CYPS317 is designed to reduce psoriasis disease severity and relapse. In preclinical studies, a single dose of CYPS317 matched or exceeded the efficacy of multiple doses of anti‑IL‑23 monoclonal antibodies, and it demonstrated a significant reduction in disease recurrence. The data suggest that the therapy could offer durable responses with a potentially favorable safety profile compared with existing biologics.
The filing marks a significant advance in FibroBiologics’ chronic inflammatory disease pipeline. The company aims to obtain IND clearance for all four of its product candidates in 2026, and CYPS317 is the first to move from preclinical validation toward first‑in‑human studies. The psoriasis market serves over eight million adults in the United States, and unmet needs remain despite current biologic options, positioning CYPS317 as a potential new therapeutic avenue.
FibroBiologics’ financial profile reflects a company in early‑stage development. The firm reported an EBITDA of –$17.55 million and a market capitalization of approximately $14.83 million as of December 31 2025. In December, the company completed a $1.7 million direct offering to raise capital, underscoring the need for additional funding to support its clinical and regulatory programs.

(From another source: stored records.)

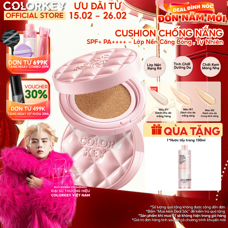 Cushion Chống Nắng SPF 50+ PA++++ COLORKEY Kẻ Ô Hồng, Mỏng Nhẹ Giữ Lớp Make-Up Lâu Trôi 11g
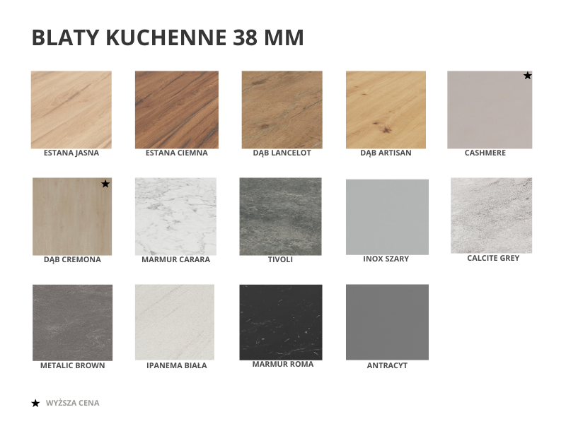 W ofercie posiadamy blaty kuchenne o grubości 28 mm i 38 mm w różnych wersjach kolorystycznych, co pozwala perfekcyjnie dopasować blat do wnętrza.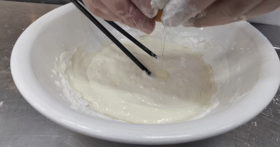 2.在面粉调匀的过程中,分别加水、加鸡蛋、加入冷的清油,调匀到面糊可以沿着筷子缓慢往下流 。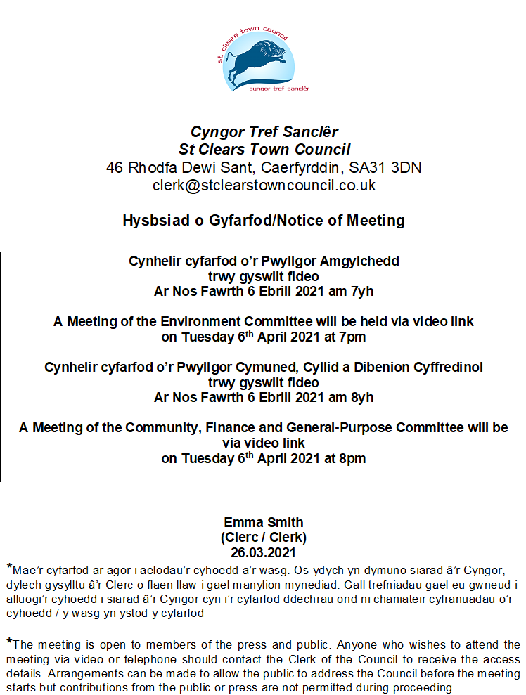 Cist Digwyddiadau Cymunedol Cyngor Tref Sanclêr

Management emphasized the strategic importance of the IND filing. Founder and CEO Pete O’Heeron said, “Filing this IND application with the FDA marks a pivotal transition from preclinical research to clinical development for CYPS317 and advances our goal of achieving IND clearance for all four of our product candidates in 2026.” Chief Scientific Officer Hamid Khoja added, “Our preclinical data suggest that CYPS317 harnesses unique, multi‑faceted biological activity, combining extracellular matrix signaling with localized and systemic immunomodulation, which may help restore normal tissue homeostasis in chronic inflammatory conditions such as psoriasis.”
The IND filing is a regulatory milestone that will allow FibroBiologics to begin human testing, potentially opening a new revenue stream for its fibroblast‑based platform and providing a foundation for future product development across multiple chronic disease indications.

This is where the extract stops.